RECORDS FOR THE EXERCISE.

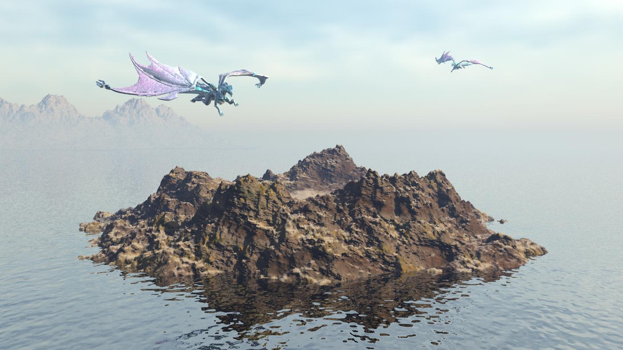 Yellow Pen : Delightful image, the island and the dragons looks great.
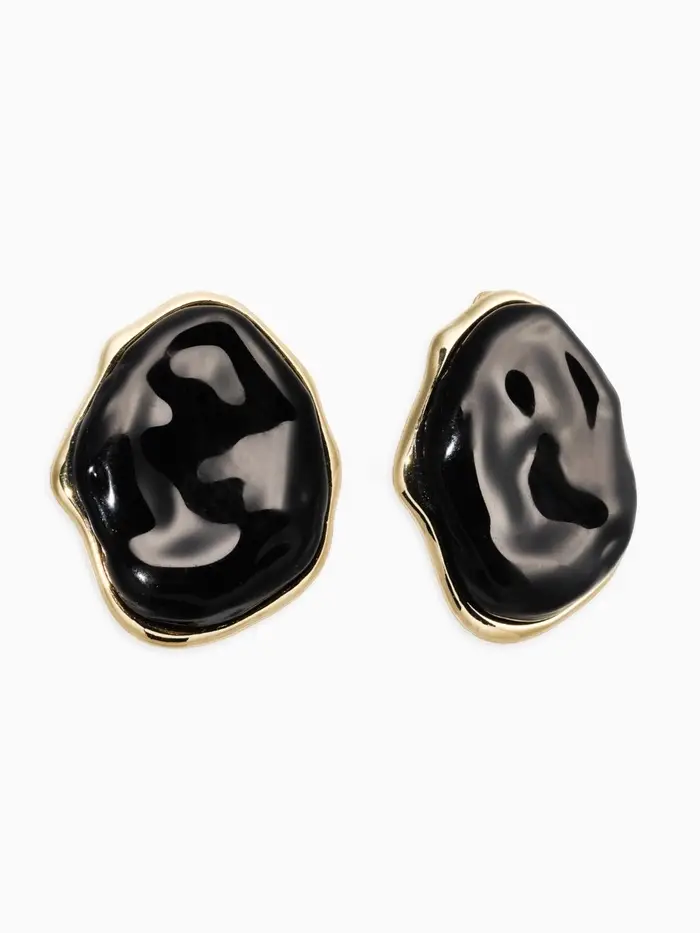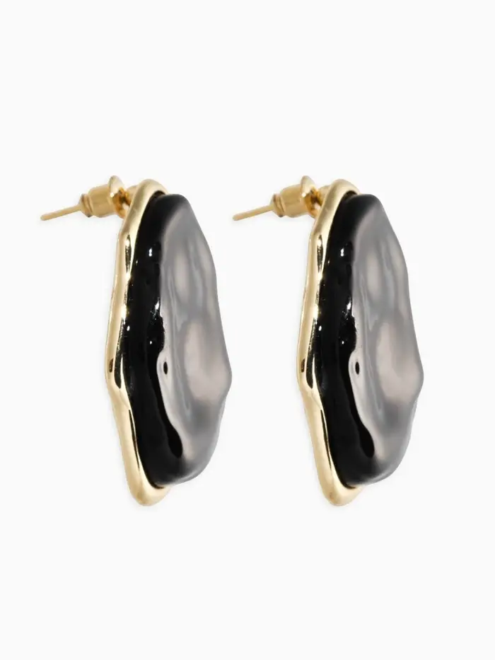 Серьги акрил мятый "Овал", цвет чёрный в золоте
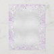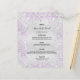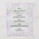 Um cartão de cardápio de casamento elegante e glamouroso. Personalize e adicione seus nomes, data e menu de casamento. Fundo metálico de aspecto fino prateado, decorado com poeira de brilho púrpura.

* * *

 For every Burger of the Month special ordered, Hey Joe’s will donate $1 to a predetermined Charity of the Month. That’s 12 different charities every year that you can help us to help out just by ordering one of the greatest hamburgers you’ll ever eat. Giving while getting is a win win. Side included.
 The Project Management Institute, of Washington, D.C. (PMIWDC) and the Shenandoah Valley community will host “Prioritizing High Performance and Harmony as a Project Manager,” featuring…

==

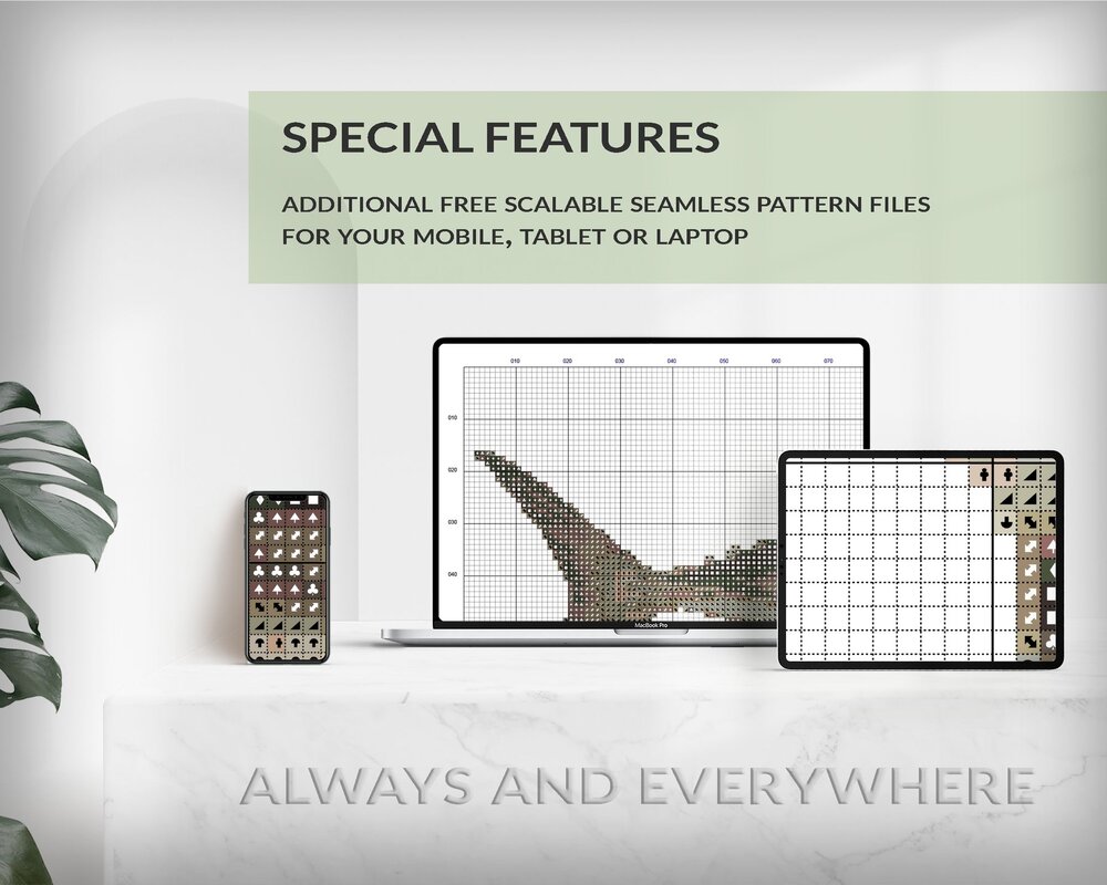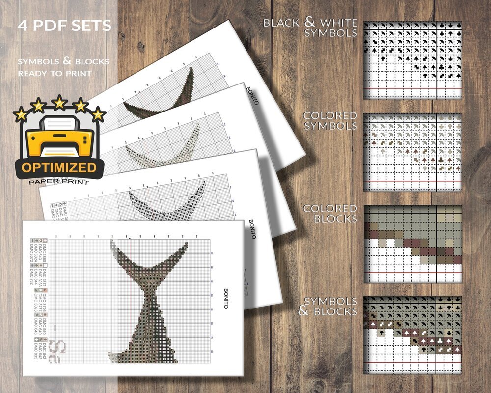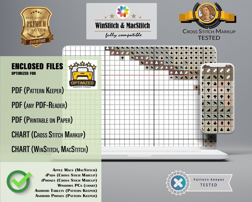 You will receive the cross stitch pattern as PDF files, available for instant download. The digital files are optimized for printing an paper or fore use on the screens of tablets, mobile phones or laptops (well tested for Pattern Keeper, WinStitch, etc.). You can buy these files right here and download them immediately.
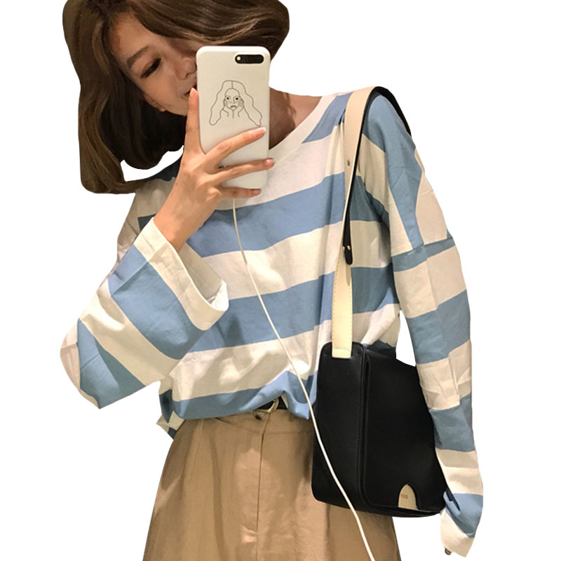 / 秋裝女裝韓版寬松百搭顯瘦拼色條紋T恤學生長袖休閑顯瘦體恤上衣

ACTIVITY.
Starting at the line containing "Yellow Pen : Delightful" and stopping at the line containing "Um cartão de", output each line exactly as it appears above. Leave out the pictures.

TASK RESPONSE.
 Yellow Pen : Delightful image, the island and the dragons looks great.
 Серьги акрил мятый "Овал", цвет чёрный в золоте
 Um cartão de cardápio de casamento elegante e glamouroso. Personalize e adicione seus nomes, data e menu de casamento. Fundo metálico de aspecto fino prateado, decorado com poeira de brilho púrpura.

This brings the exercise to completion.